DATA UNDER STUDY:
-- Opening Marker --

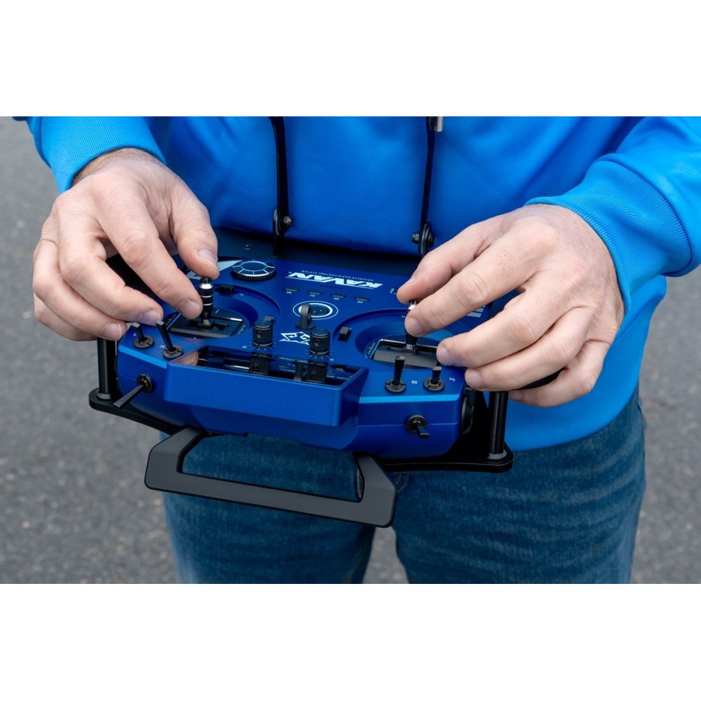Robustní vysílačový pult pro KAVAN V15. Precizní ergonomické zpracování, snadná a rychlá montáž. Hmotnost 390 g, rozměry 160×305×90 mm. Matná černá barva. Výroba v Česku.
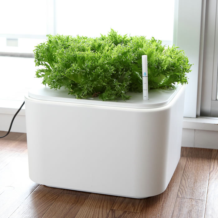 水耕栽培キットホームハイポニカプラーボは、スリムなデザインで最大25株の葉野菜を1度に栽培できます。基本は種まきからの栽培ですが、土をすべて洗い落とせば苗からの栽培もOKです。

-- Closing Marker --
-- Opening Marker --

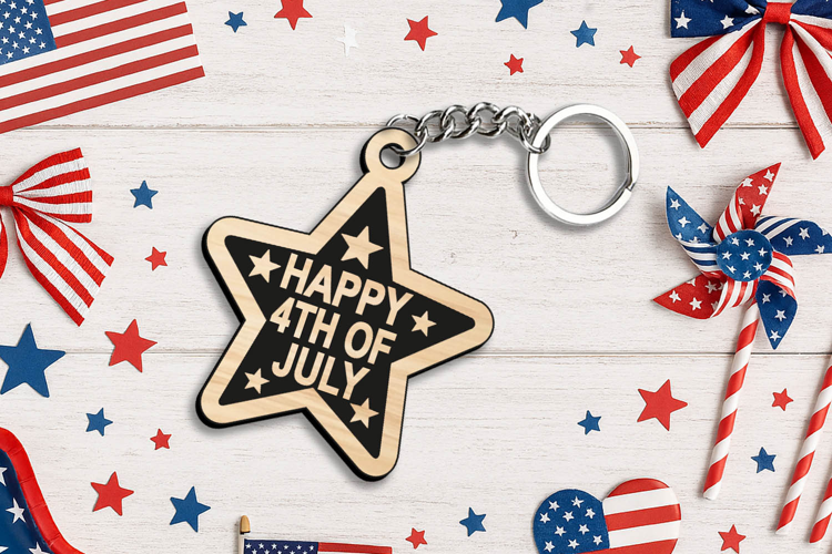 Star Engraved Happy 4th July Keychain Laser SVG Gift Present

-- Closing Marker --

WHAT THIS TASK INVOLVES: Extract, without any images, the part of the material above that opens with the line containing "Robustní vysílačový pult" and closes with the line containing "水耕栽培キットホームハイポニ", both lines included.

EXERCISE RESPONSE:
Robustní vysílačový pult pro KAVAN V15. Precizní ergonomické zpracování, snadná a rychlá montáž. Hmotnost 390 g, rozměry 160×305×90 mm. Matná černá barva. Výroba v Česku.
 水耕栽培キットホームハイポニカプラーボは、スリムなデザインで最大25株の葉野菜を1度に栽培できます。基本は種まきからの栽培ですが、土をすべて洗い落とせば苗からの栽培もOKです。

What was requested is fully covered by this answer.